The data was initially explored and preprocessed before any modeling took place. After loading the CIFAR-10 dataset and the necessary Python packages, key information such as the shape of the datasets (these images were sized 32x32x3, which is critical information when inputting the image data into the neural networks correctly) as well as a preview of the images (shown in Table 1 below) were explored. After re-shaping the data by dividing the image data by 255, which is the number of pixels per image, model training could begin.

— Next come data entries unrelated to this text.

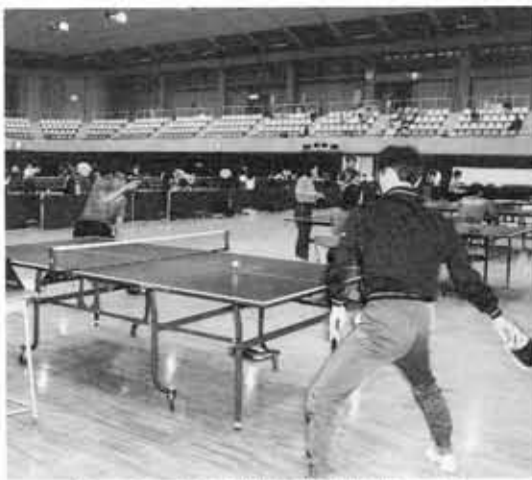
約1ヵ月にわたり熱戦が繰り広げられます。

市民参加のスポーツ大会として広く親しまれている第13回向日市民総合体育大会が、いよいよ開幕します。5月15日(日)午前9時30分から市民体育館で行われる総合開会式をかわきりに、約1ヵ月にわたる11種目の競技が繰り広げられます。奮ってご参加ください。 ■男子バレーボール 日時 5月15日(日)午前10時30分 会場 市民体育館 種別 団体戦(9人制) ■ゲートボール
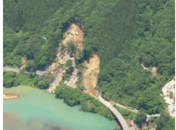
- 一般国道342号 (一関市矢櫃地内)
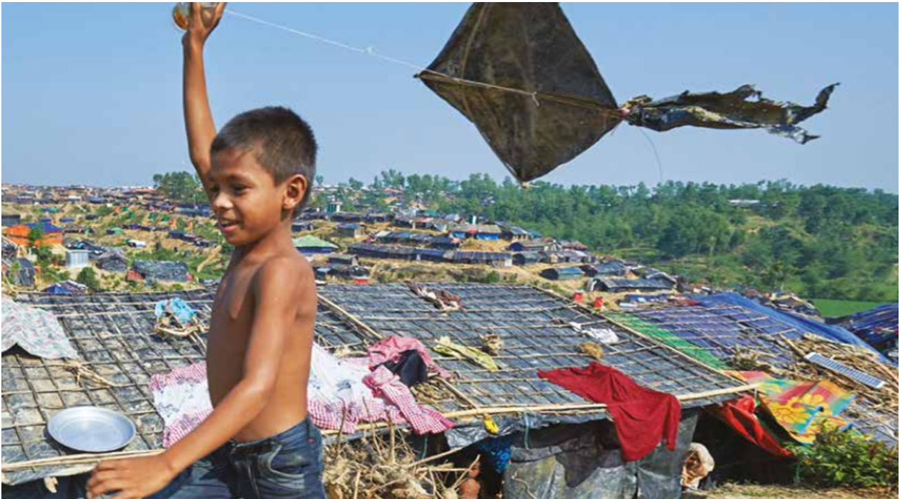
Titelbild des Berichts. Foto: Paul Jeffrey, Cox's Bazar

Jahrelang mussten wir eine weltweite Schwächung der grundlegenden Bürgerrechte mitansehen: Die Meinungs-, Versammlungs- und Pressefreiheit wird in vielen Ländern zunehmend eingeschränkt. Als Reaktion darauf hat HEKS zusammen mit der Dan Church Aid und Bread for the World als «Act Alliance» eine Studie in Auftrag gegeben, welche die Rolle der Zivilgesellschaft bei der Erreichung der Entwicklungsziele untersucht.

Table 1. Sample Images from the CIFAR-10 Dataset
Generally, significantly more preprocessing would be necessary before image data would be ready for neural network modeling, but the CIFAR-10 dataset has already been extensively cleaned/organized since it is a popular open-source Python image dataset. The overall preprocessing methodology is visualized in Table 2 below. Further image preprocessing such as image augmentation was tested (essentially ‘doubling’ the number of training images by creating replicas that were flipped/rotated in order to synthetically produce more training images for the neural networks), but this was ultimately unsuccessful due to limited RAM capabilities in Northwestern Consulting’s initial Google CoLab instance. Finally, in terms of model evaluation/selection methodology, models were run through various epochs per each experimental iteration with the optimal one in terms of validation accuracy being saved. From there, these top 10 models were compared, with the ‘best’ one being selected after evaluating metrics such as validation accuracy, validation loss, F1 scores, and class-level evaluation performance in terms of confusion matrices.
Table 2. CIFAR-10 Dataset Preprocessing Visualized for Neural Network
Results
In order to evaluate a baseline model performance as a starting point for this project, a DNN with 2 hidden layers (and no regularization) was studied. Any model with greater than 10% predictive accuracy on this dataset could theoretically be considered a ‘performant’ since a random-guess model would achieve approximately this level of accuracy on CIFAR-10; however, Northwestern Consulting would expect to build a significantly more performant model when leveraging neural networks for prediction purposes based on prior research. Therefore, the baseline DNN (Model 1) provides a more relevant evaluation benchmark from which additional predictive accuracy can be gleaned via model tuning. This model has 256 input nodes in its first layer and 128 in its second, and achieved 50.4% accuracy on validation data.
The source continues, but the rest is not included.